The work of a free-lance writer has its interesting moments. These days I am a short order cook with a dozen dishes cooking, some just being dreamed up, some being garnished and sent off to the table. I'm grateful for all projects in the pipeline, as well as other unusual opportunities that have come my way.
Yesterday I had the honor to be part of a panel at Berklee College of Music, talking about emotional expression in Arab music. I was asked by Simon Shaheen, who recently joined the faculty there. Also on the panel was Robert Browning, the founder of the World Music Institute , accompanied by his lovely wife Helene, as well as qanun maestro Jamal Sinno and the excellent percussionist Tareq Rantisi, a recent Berklee grad. Simon asked me to join the panel in large part because there was no budget to bring anyone from out of town. I am glad for the opportunity. I focused on the heavy emotional content of the maqam called Saba. I really enjoyed the chance to sit back and think about this particular maqam, and how one has to handle it.
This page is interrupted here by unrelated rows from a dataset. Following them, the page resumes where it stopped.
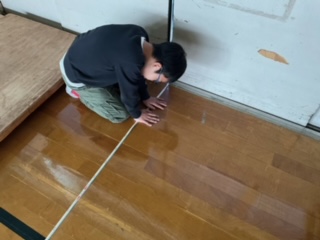 体育館の横の長さをはかりました。メジャーとものさし、どっちではかるか考え「メジャー」を選び、体育館に移動。すぐさま、長さをはかっていました。mやcmにも気をつけて長さを読むこともできました。
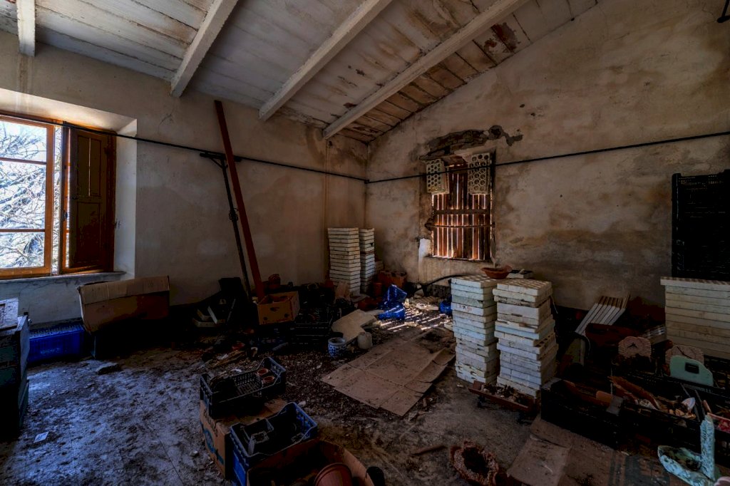 metres arranged on two levels, to be restored. The property, surrounded by 8,000 square metres of land, is ideal for those who dream of a house immersed in nature, with large outdoor spaces and the possibility of creating a private residence, a farmhouse or a second
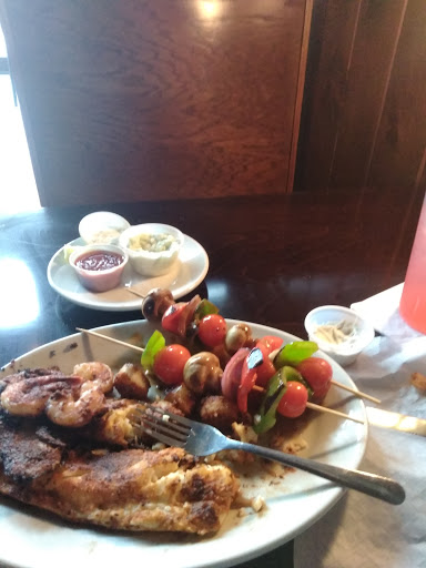 The food was tasty--I had a NY Reuben with grilled fish and veggie kabobs and my date had the Portabello burger. Both came out hot and quick. Server was friendly but slow. The inside restaurant smelled funny, but otherwise was nice looking. Sitting outside by the creek was pleasant.
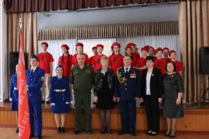 С поздравлениями и наставническими словами к ребятам обратились: начальник Управления по делам образования С.П. Попинако, военком Е.С. Красношлык, член Совета ветеранов Г.К. Кожевникова. На мероприятии почетным гостем был приглашен выпускник школы, Российский офицер, танкист, Герой Российской Федерации, участник боевых действий в Чечне О.А. Касков.
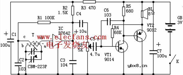 单管直放式收音机原理图

Then, Simon, Jamal and Tareq played a section of Simon's composition Arboresque that is all in Saba. Robert Browning spoke about his perspective on Tarab, musical ecstasy, in Middle Eastern music, based on his decades of presenting this music in New York City. The audience were Berklee faculty members, and this in itself was fantastic, for they all have incredible musical hearing abilities, and they all 'got' the theoretical aspects of what we were saying. What an audience!
You can read more about Saba and listen to samples of it at: maqamworld.com - page on saba I am thinking about writing a short piece on Saba ----- based on what we discussed and discovered. The emotional effect of the various maqamat is a subject of discussion among scholars, but from my own experience as a 20 some year student of the oud, musicians themselves don't TALK about the emotion of it, they just play it and experience it.